Since the passage of the medical marijuana ballot initiatives, the federal
government has focused most of its attention not on individual patients
smoking or ingesting marijuana, but on buyer's clubs and cooperatives,
which were set up to procure, grow and distribute the drug.

After California passed its medical marijuana initiative in 1996, federal
prosecutors and drug enforcement agents were shocked to watch as storefront
operations opened in cities such as San Francisco and brazenly sold
marijuana cigarettes, baggies of the drug and marijuana-laced cookies to
patients claiming medical necessity based on everything from cancer to anxiety.

Lawyers with the Justice Department argue that the distribution of medical
marijuana violates the federal Controlled Substances Act, which includes
marijuana among the drugs whose manufacture and distribution are prohibited.

The Oakland group said its goal is "to provide seriously ill patients with
safe access to necessary medicine so that these individuals do not have to
resort to the streets."

The decision yesterday by the Supreme Court to hear the case follows a
string of lower court decisions that first barred, then allowed the Oakland
cooperative to continue distributing marijuana.

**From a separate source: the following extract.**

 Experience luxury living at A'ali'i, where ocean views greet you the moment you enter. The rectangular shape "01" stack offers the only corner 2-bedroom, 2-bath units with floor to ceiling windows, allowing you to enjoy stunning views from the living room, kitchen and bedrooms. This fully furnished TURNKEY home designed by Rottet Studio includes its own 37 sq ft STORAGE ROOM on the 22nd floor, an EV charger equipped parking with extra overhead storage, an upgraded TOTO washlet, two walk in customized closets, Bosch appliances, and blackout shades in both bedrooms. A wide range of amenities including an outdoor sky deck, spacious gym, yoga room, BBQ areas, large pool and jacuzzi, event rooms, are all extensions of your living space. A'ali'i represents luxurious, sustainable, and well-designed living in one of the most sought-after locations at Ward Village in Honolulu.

The federal government filed a lawsuit against the Oakland cooperative in
1998 that sought to bar the club from providing marijuana. U.S. District
Court Judge Charles Breyer in San Francisco, the brother of Supreme Court
Justice Stephen G. Breyer, ruled for the government.

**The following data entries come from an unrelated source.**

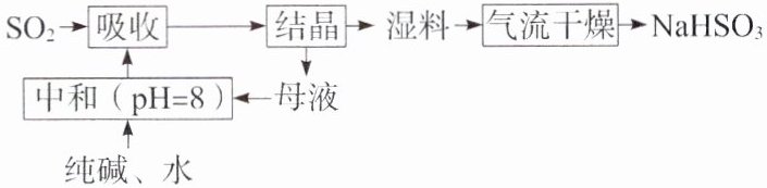 对点训练2 B 解析根据工艺流程逆向分析可知,以二氧化硫和纯碱为原料,得到结晶成分为$NaHSO_3$,则母液为饱和$NaHSO_3$和过量的二氧化硫形成的亚硫酸,溶液呈酸性。加入纯碱进行中和:$H_2SO_3 + 2Na_2CO_3 \longrightarrow Na_2SO_3 + 2NaHCO_3$,$NaHSO_3 + Na_2CO_3 \longrightarrow Na_2SO_3 + NaHCO_3$,调节pH为8进行中和后得到$Na_2SO_3$和$NaHCO_3$,通入二氧化硫气体进行混合吸收:$Na_2SO_3 + SO_2 + H_2O \longrightarrow 2NaHSO_3 \downarrow$,$SO_2 + NaHCO_3 \longrightarrow CO_2 + NaHSO_3$,此时会析出大量$NaHSO_3$晶体,经过离心分离,将得到的湿料再进行气流干燥,最终得到$NaHSO_3$产品。吸收过程中有二氧化碳生成,A正确;结晶后母液中含饱和$NaHSO_3$和过量的二氧化硫形成的亚硫酸,没有$NaHCO_3$,B错误;$NaHSO_3$高温时易分解变质,气流干燥过程中温度不宜过高,C正确;中和后溶液中含$Na_2SO_3$和$NaHCO_3$,D正确。
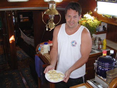 Jeff was wild in the Galley wiping up cheese cake, deviled eggs
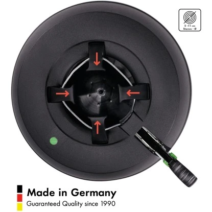 Der neue Krinner Green Line S wird nachhaltig und ressourcenschonend aus 100% recyceltem Kunststoff in Niederbayern hergestellt und trägt damit aktiv zum verantwortungsvollen Umgang mit unserer Umwelt bei. Der Krinner Green Line S ist ausgestattet mit der original Rundum-Einseil-Technik. Die durchgehende Seilführung garantiert dabei den gleichmäßigen Druck der Klauen an den Stamm. Einfach den Baum in den Ständer stellen, das Fußpedal treten, fertig! Ob dick, dünn oder krumm gewachsen, der Baum steht sicher und kerzengerade. Zudem sorgt der patentierte Sicherheitsgurt durch seine schrittweise öffnende Mechanik für extra Sicherheit und verhindert ungewolltes Kippen.
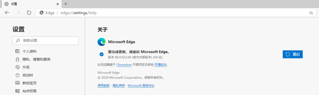 浏览器就会进行自动更新,更新完毕后根据提示重启即可。

But the 9th U.S. Circuit Court of Appeals later reversed Breyer's original
ruling, saying the government had not disproved the club's evidence that
the drug was "the only effective treatment" for seriously ill patients. The
appellate court ruled that Breyer had erred in not considering "medical
necessity."

In May, Breyer decided that the Oakland club could provide marijuana to
patients who needed it.

In August, the Supreme Court put the lower court ruling on hold and barred
the California club from distributing marijuana while the government
pursued its appeal.

The government originally appealed to the 9th Circuit, which has not yet
ruled. But the Justice Department took the matter directly to the Supreme
Court, saying that the 9th Circuit was not expected to change its earlier
decision.

Voters have repeatedly told pollsters in recent years that they generally
support allowing sick and dying people to use marijuana if it offers relief.

But the medical community, overall, has not embraced marijuana. Many
physicians believe there are better legal drugs available to do what
marijuana's advocates claim it can do. Large studies, however, have not
been undertaken.

The White House drug czar, Gen. Barry McCaffrey, opposes the medical
marijuana laws, as do groups such as the Partnership for a Drug Free America.

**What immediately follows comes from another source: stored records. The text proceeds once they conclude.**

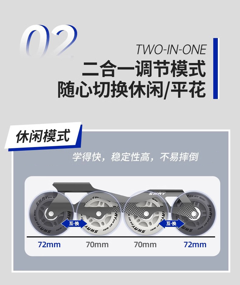 Sway W2 Roller Skates for Adults, Ice Skating, Roller Skating, Women's Adult Men's Professional Freestyle Inline Skates, College Student Skates
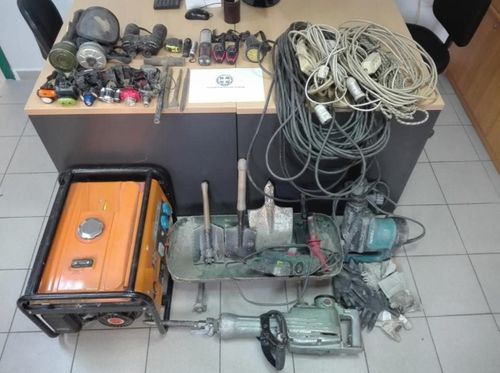 Στον χώρο της παράνομης ανασκαφής εντοπίσθηκαν και κατασχέθηκαν εργαλεία που χρησιμοποιούσαν: συγκεκριμένα, μία ηλεκτρογεννήτρια, τρεις αντιασφυξιογόνες μάσκες, 11 ηλεκτρικά και άλλα εργαλεία όπως φτυάρια, τρυπάνια κ.α., φορητές συσκευές ενδοεπικοινωνίας και άλλα αντικείμενα όπως γάντια εργασίας, φακοί, μετροταινία.
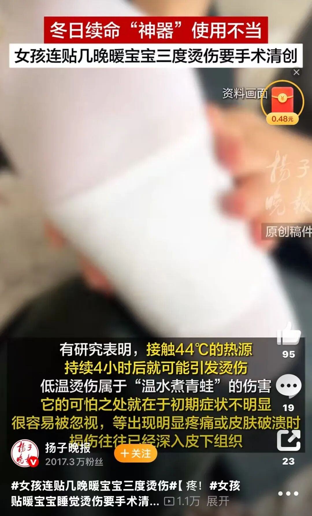 昨日,一则#女孩连贴几晚暖宝宝三度烫伤#的新闻引起关注。有网友在评论中吐槽说,“别说,这两天刚被暖宝宝烫破皮,真的痛,毫无知觉。”也有网友表示,暖宝宝的包装上一般都会注明“睡觉时请勿使用”。

"When it comes to medical marijuana, it is a medical issue that should be
decided by the medical community," said Howard Simon, assistant director of
the Partnership for a Drug Free America.

In other action yesterday, the court:

Declined to hear a challenge by South Carolina gambling operators against
the state's new ban on possession of video gambling machines. The gambling
operators said the ban, which took effect in July when the state outlawed
video gambling, amounted to the government's unlawful taking of their
property without payment.

Heard oral arguments in a case that seeks to determine how to judge when
race plays too large a role in drawing election districts. The North
Carolina case is a follow-up to the justices' landmark 1993 ruling that
election districts drawn to help minorities might violate white voters' rights.